Speaking at the latest protest at Farringdon Station in London, Unite assistant general secretary Gail Cartmail told H&V News she had met union chief Len McCluskey to discuss holding a ballot.
“We have got to get a move on because the trigger will be pulled at the beginning of December.
“We are meeting with workers at sites up and down the country and our absolute objective is to recruit members to improve density.
“We are determined to hold a ballot as soon as possible.”
The eight contractors at the heart of the dispute are Bailey Building Services, Balfour Beatty Engineering Services, Tommy Clarke, Crown House Technologies, Gratte Brothers, MJN Colston, SES and Spie Matthew Hall.

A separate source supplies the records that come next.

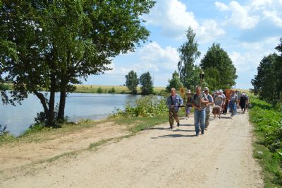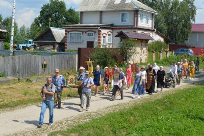 Ранним солнечным утром от строящегося храма в честь Спаса Нерукотворного участники крестного хода отправились в путь с иконами Нерукотворного Образа Спасителя, благоверных князя Петра и княгини Февронии, священномучеников Марийских и ковчежцем с мощами Пророка, Предтечи и Крестителя Господня Иоанна.
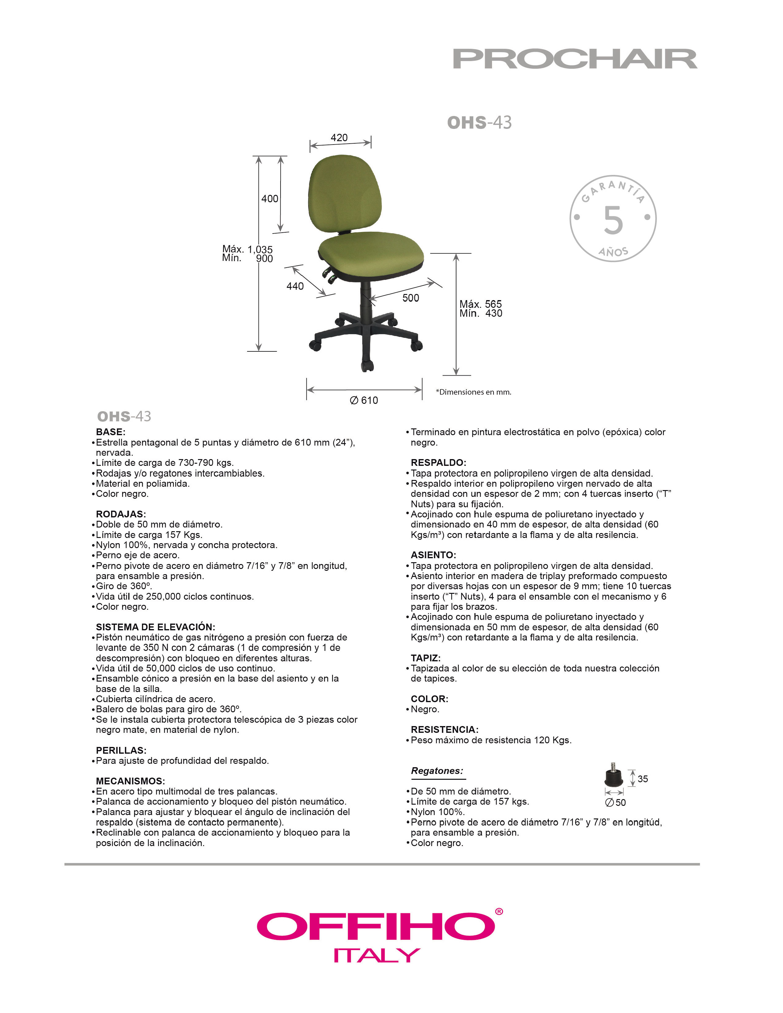 base: de 5 puntas en poliamida, rodajas tipo dual y/o regatones. elevación: por medio de pistón neumático que permite ajustar la altura del asiento. perillas de ajuste: para ajustar la altura del respaldo. mecanismo: en acero tipo multimodal de tres palancas; una para el accionamiento y bloqueo del pistón neumático, otra para ajustar y bloquear el ángulo de inclinación del respaldo (sistema de contacto permanente) y la última acciona y bloquea la posición de la inclinación del reclinaje. asiento y respaldo: hule espuma de poliuretano inyectado con densidad de 60 kgs/m3 con retardante a la flama y alta resiliencia. tapiz: tapizada al color de su elección de toda nuestra colección de tapices. peso máximo de resistencia: 120 kgs.
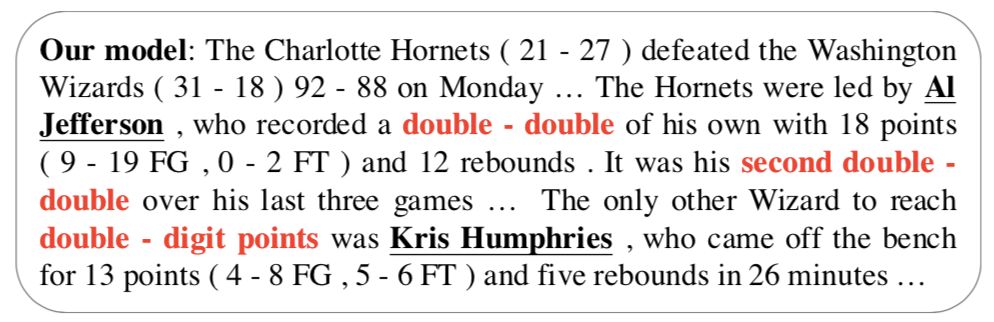 图1 ROTOWIRE数据集中的一个例子。左侧为输入的球队/球员的统计数据,右上为基线模型生成的结果,右下为参考文本。
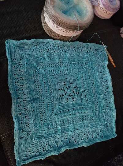 Diese schöne quadratische Decke ist mit liebevollen Details ein wirklicher HIngucker und kann sehr leicht nachgearbeitet werden.
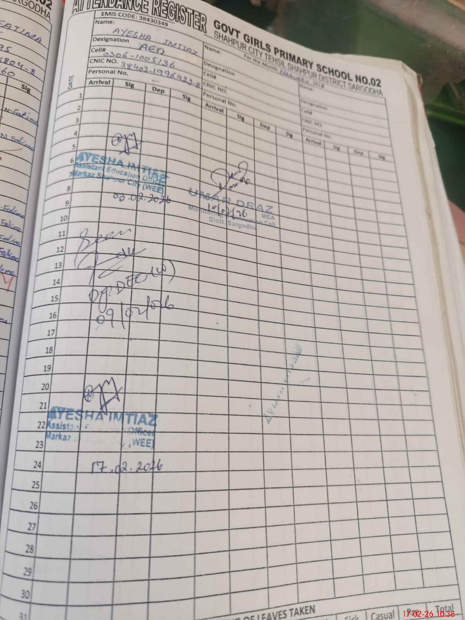 | CNIC | Full Name | Designation | R/C | Absence during last cal. month |
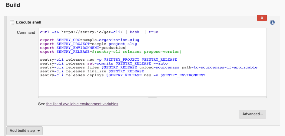 Copiedcurl -sL https://sentry.io/get-cli/ | bash || true export SENTRY_ORG=sample-organization-slug export SENTRY_PROJECT=sample-project-slug export SENTRY_ENVIRONMENT=production export SENTRY_RELEASE=$(sentry-cli releases propose-version) sentry-cli releases new -p $SENTRY_PROJECT $SENTRY_RELEASE sentry-cli releases set-commits $SENTRY_RELEASE --auto sentry-cli sourcemaps upload --release $SENTRY_RELEASE path-to-sourcemaps-if-applicable sentry-cli releases finalize $SENTRY_RELEASE sentry-cli deploys new -e $SENTRY_ENVIRONMENT
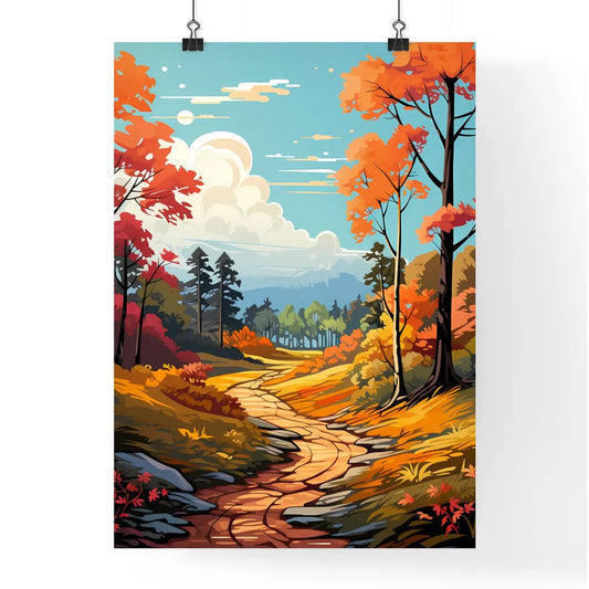 A Painting Of A Man Skiing Down A Road In A Colorful Landscape Art Print

Union officials claimed Balfour Beatty is threatening 890 employees with redundancy if they refused to sign a new pay agreement which would see their wages cut dramatically.
The employers are proposing a new agreement which, according to union members, will involve reducing the average wage by up to 35 per cent and introducing a new grade of worker.
The new grade will be a semi-skilled worker who will install all of the containment and wiring - the work which currently takes up 70 per cent of electricians’ time.
Labour MP for Hayes and Harlington John McDonnell the protesting electricians to join a major public sector demonstration in November.
Mr McDonnell said: “If Balfour Beatty get away with cutting wages in this dispute then other companies wil do it across the country.
“This dispute is critical to the trade union movement.
“These companies are hear to cut wages and put people on the dole.”
Mr McDonnell pledged to take the dispute to parliament when MPs returned from the current recess.
He added: “We will expose construction companies intention to cut wages and jobs in parliament.
“Your wages are being cut but what isn’t being cut is directors pay and profits – they are milking this industry.”